**What the task requires**
Output nothing but the lines from the first line of the listing below through the line containing "台股高檔收黑,這波漲勢休息了 37510", printed exactly and free of pictures.

**Data supplied**
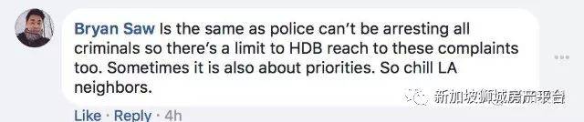 (就像警察不能逮捕所有罪犯,HDB也没法回复所有的投诉。有时候这也关系到处理问题的先后顺序。所以,邻居们请冷静)
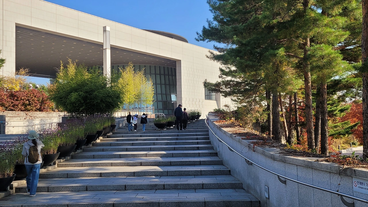 처음 와본 국립박물관 위용이 대단하다. 모던한 디자인과 웅장함을 함께 갖췄다. 입구에는 아직도 꽃이 지지 않고 우리를 반긴다. 버들마편초에 멋쟁이 나비도 남은 가을을 즐긴다. 학생들이 단체로 박물관 견학을 왔다. 소란스럽지만 활기가 넘친다.
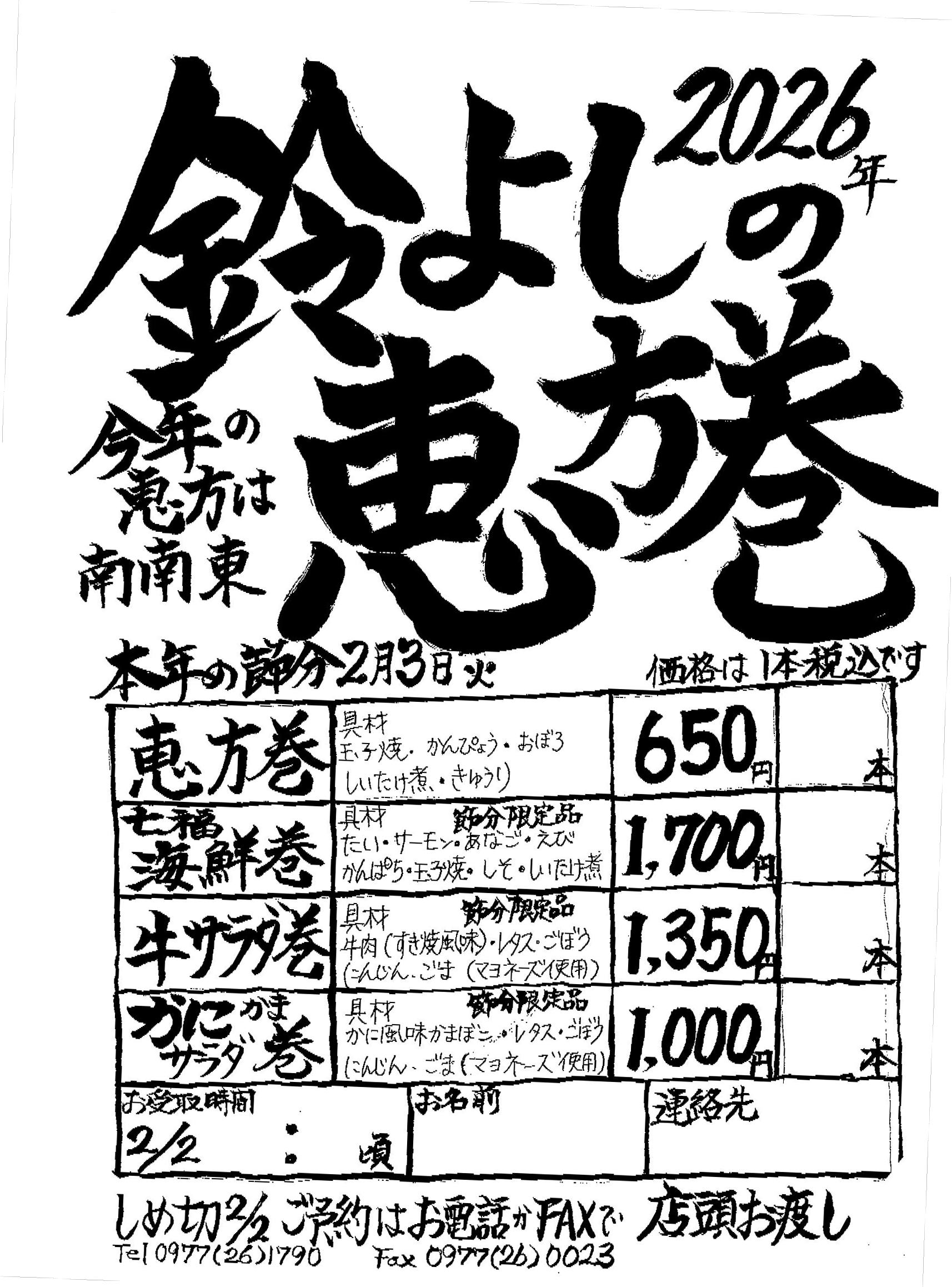 表示価格はお持ち帰り価格税込となっております。 | 福やご縁を巻き込み、1年の幸せや願いが叶うようにぜひ恵方巻をお食べ下さい。 2026年の恵方巻を食べる方角は、「南南東(正確には南南東やや南)」 ※受付締切は2/2(月)迄、2月3日(火)店頭にてお渡しいたします。 |
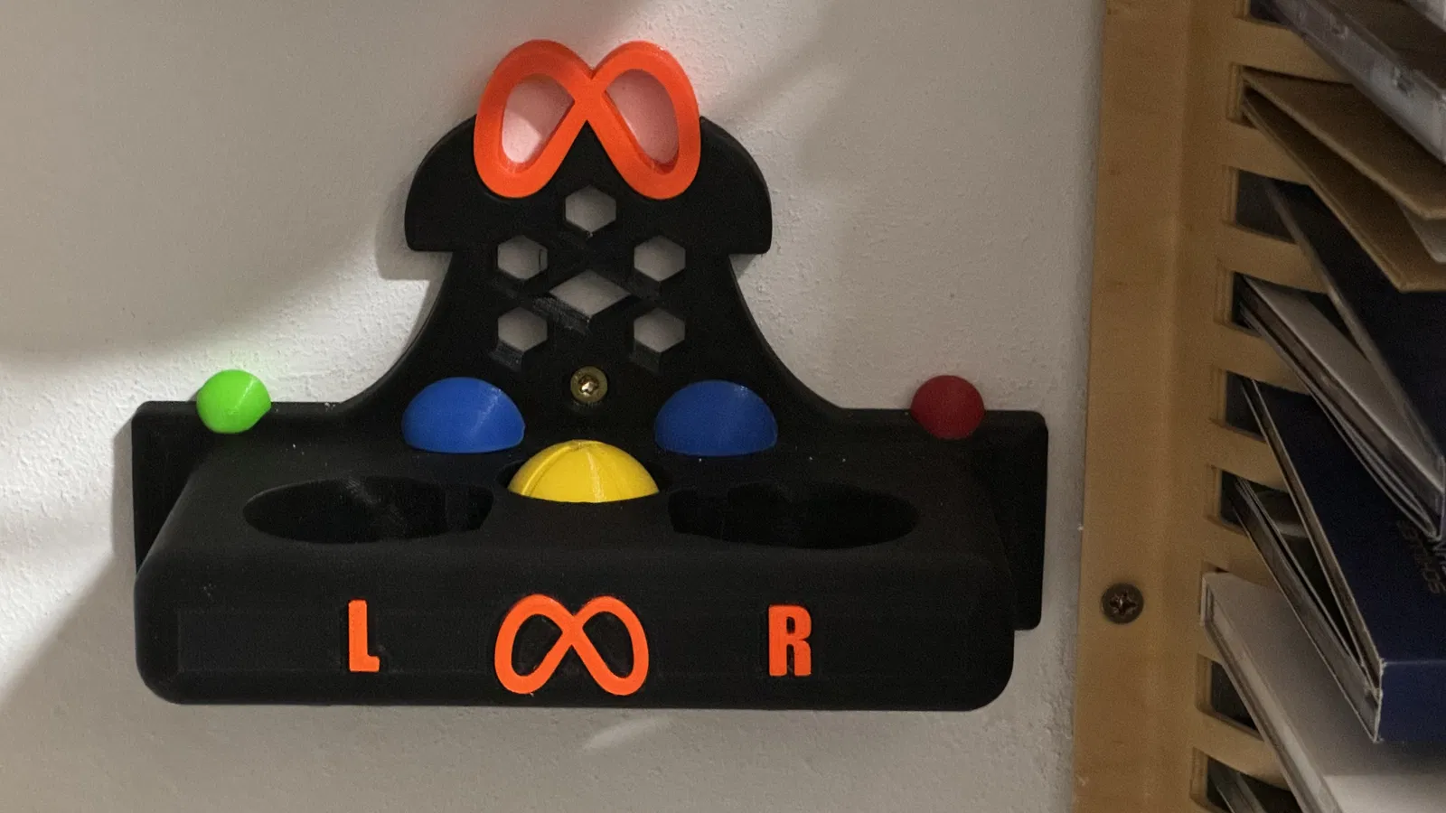 Phiên bản đơn giản hơn của giá treo tường cho tay cầm Meta Quest 3 của mình. Mình thiết kế phiên bản Redux này dựa trên tay cầm với ít chi tiết trang trí không cần thiết. Nó là một tay cầm chơi game mà, đúng không? - Vậy thì nó cũng nên trông giống như vậy. Mình có làm một phiên bản khác, . Mọi thứ được in bằng PETG đơn sắc. Các bộ phận có màu được in riêng và chỉ cần gắn vào là xong. Chỉ có logo và chữ ở mặt trước có thể cần chà nhám một chút. Nếu chúng không đủ chặt, một giọt keo nhỏ là được.
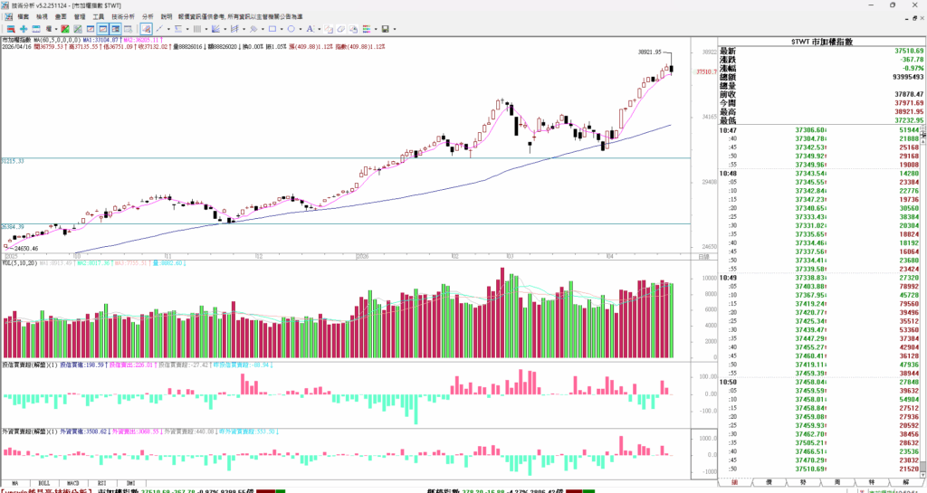 台股高檔收黑,這波漲勢休息了 37510
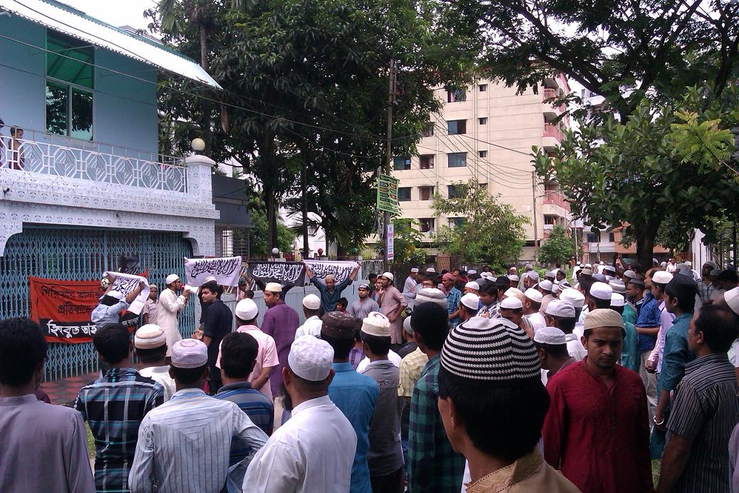 Hizb ut Tahrir organized protest meetings today in front of mosques across Dhaka, Chittagong and Sylhet to protest against the horrific chemical weapons attack upon the Muslims in Syria by the tyrant and agent of America, Bashar al-Assad. Speakers at the protest meetings strongly condemned the heinous actions of the criminal Bashar regime against the Muslims. They also highlighted and condemned the connivance of the so-called international community, particularly crusader America and Russia, with the Bashar regime. It is they who have given Bashar the green light to commit the most brutal atrocities against the Muslims in their attempt to foil the Islamic uprising of the people in Syria for establishing the Khilafah "Caliphate".
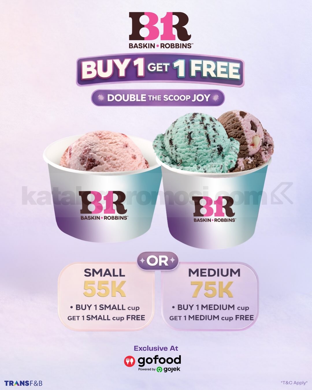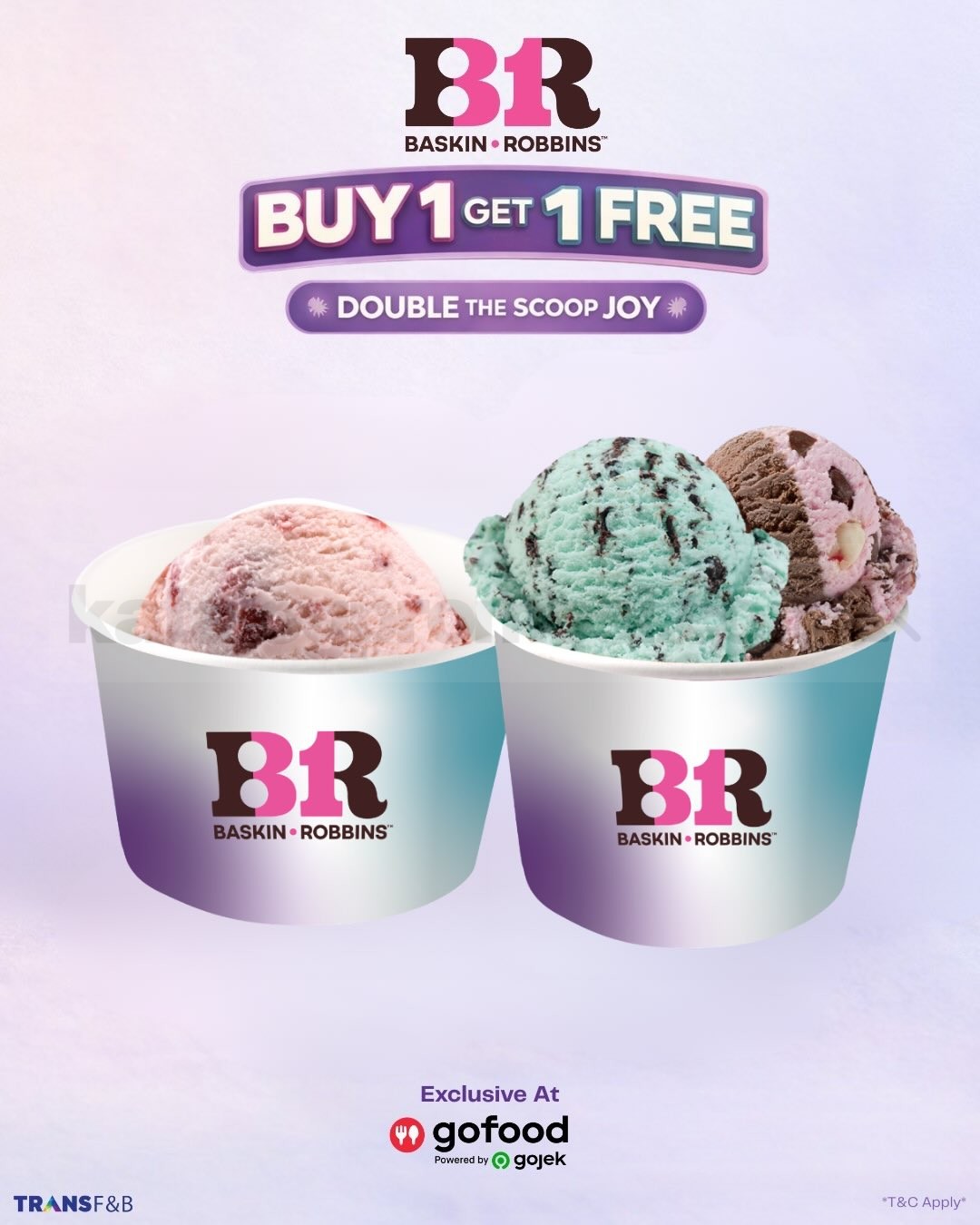 • Promo tersedia melalui aplikasi GoFood pada outlet Baskin Robbins yang berpartisipasi
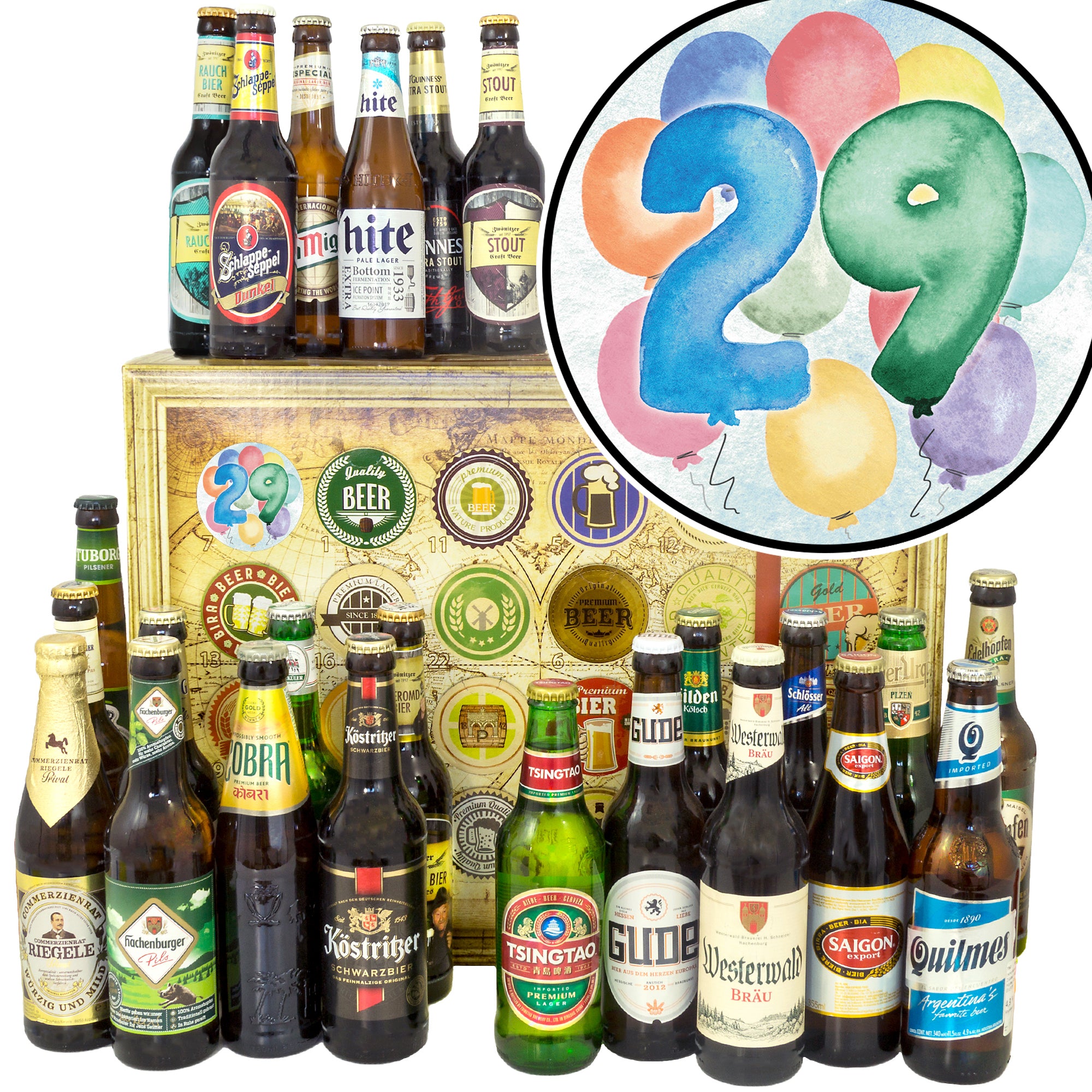 Geburtstag 29 | 24x Biere Welt und Deutschland | Biergeschenk

**Solution**
 (就像警察不能逮捕所有罪犯,HDB也没法回复所有的投诉。有时候这也关系到处理问题的先后顺序。所以,邻居们请冷静)
 처음 와본 국립박물관 위용이 대단하다. 모던한 디자인과 웅장함을 함께 갖췄다. 입구에는 아직도 꽃이 지지 않고 우리를 반긴다. 버들마편초에 멋쟁이 나비도 남은 가을을 즐긴다. 학생들이 단체로 박물관 견학을 왔다. 소란스럽지만 활기가 넘친다.
 表示価格はお持ち帰り価格税込となっております。 | 福やご縁を巻き込み、1年の幸せや願いが叶うようにぜひ恵方巻をお食べ下さい。 2026年の恵方巻を食べる方角は、「南南東(正確には南南東やや南)」 ※受付締切は2/2(月)迄、2月3日(火)店頭にてお渡しいたします。 |
 Phiên bản đơn giản hơn của giá treo tường cho tay cầm Meta Quest 3 của mình. Mình thiết kế phiên bản Redux này dựa trên tay cầm với ít chi tiết trang trí không cần thiết. Nó là một tay cầm chơi game mà, đúng không? - Vậy thì nó cũng nên trông giống như vậy. Mình có làm một phiên bản khác, . Mọi thứ được in bằng PETG đơn sắc. Các bộ phận có màu được in riêng và chỉ cần gắn vào là xong. Chỉ có logo và chữ ở mặt trước có thể cần chà nhám một chút. Nếu chúng không đủ chặt, một giọt keo nhỏ là được.
 台股高檔收黑,這波漲勢休息了 37510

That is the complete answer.